Verizon, which bought out its wireless division from British cellphone carrier Vodafone Group last year, said it added 2.1 million net retail connections during the quarter. It added 672,000 net postpaid phones and 1.4 million new tablets.
The New York-based company said it had a loss of 54 cents per share. Earnings, adjusted for non-recurring costs, came to 71 cents per share. A year ago net income totaled $5.07 billion, or $1.76 per share. The results met Wall Street expectations. The average estimate of analysts surveyed by Zacks Investment Research was also for earnings of 71 cents per share.

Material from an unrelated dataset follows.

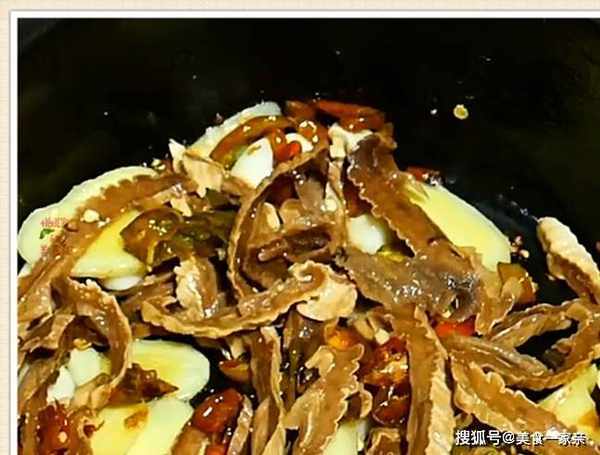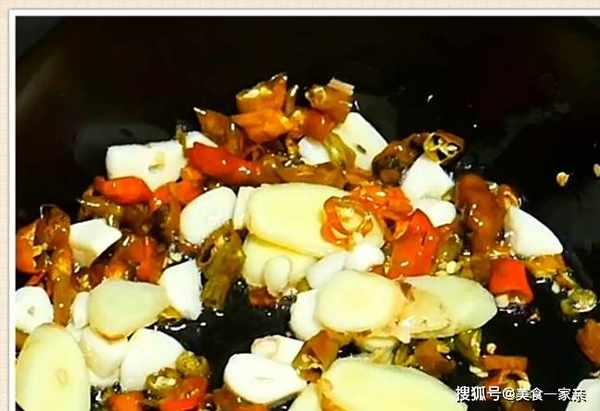 倒入適量食用油,入薑蒜炒出香味,再把泡椒和筍幹倒入鍋中過熱油炒出的香味,續翻拌均勻即可,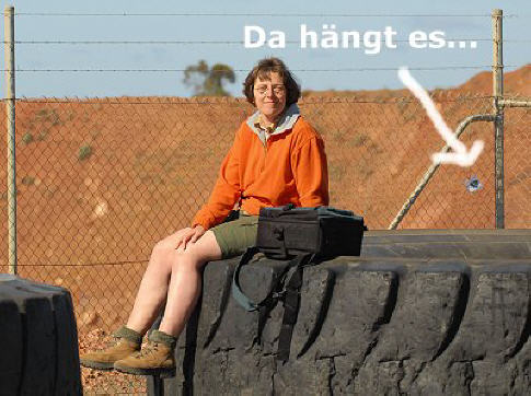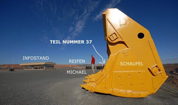 Teil Nummer 37 haben wir ganz rechts am Zaun aufgehängt, weit weg vom offiziellen Infostand der Minengesellschaft. Direkt hinter den zwei ausgedienten Reifen, auf denen sich die Touristen ebenso gerne fotografieren lassen wie in der riesigen gelben Schaufel direkt daneben. Auch wir konnen es natürlich nicht lassen. Und da das Plastik um Teil 37 so schön in der Sonne glänzt, haben in Zukunft viele Leute das gute Stück mit auf dem Bild. Wir hoffen es wird nicht entfernt und bleibt dort noch recht lange im Wind hängen, mit toller Aussicht auf den Tagebau, Action rund um die Uhr und an 365 Tagen Besuch von Leuten aus aller Welt.

The largest U.S. cellphone carrier said revenue rose 7 percent to $33.19 billion from $31.07 billion last year, topping Street forecasts. Analysts expected $32.53 billion, according to Zacks. The company forecast a 4 percent revenue increase in 2015.
Verizon shares have climbed 3 percent since the beginning of the year, while the Standard & Poor’s 500 index has declined slightly more than 1 percent. The stock has climbed 1 percent in the last 12 months.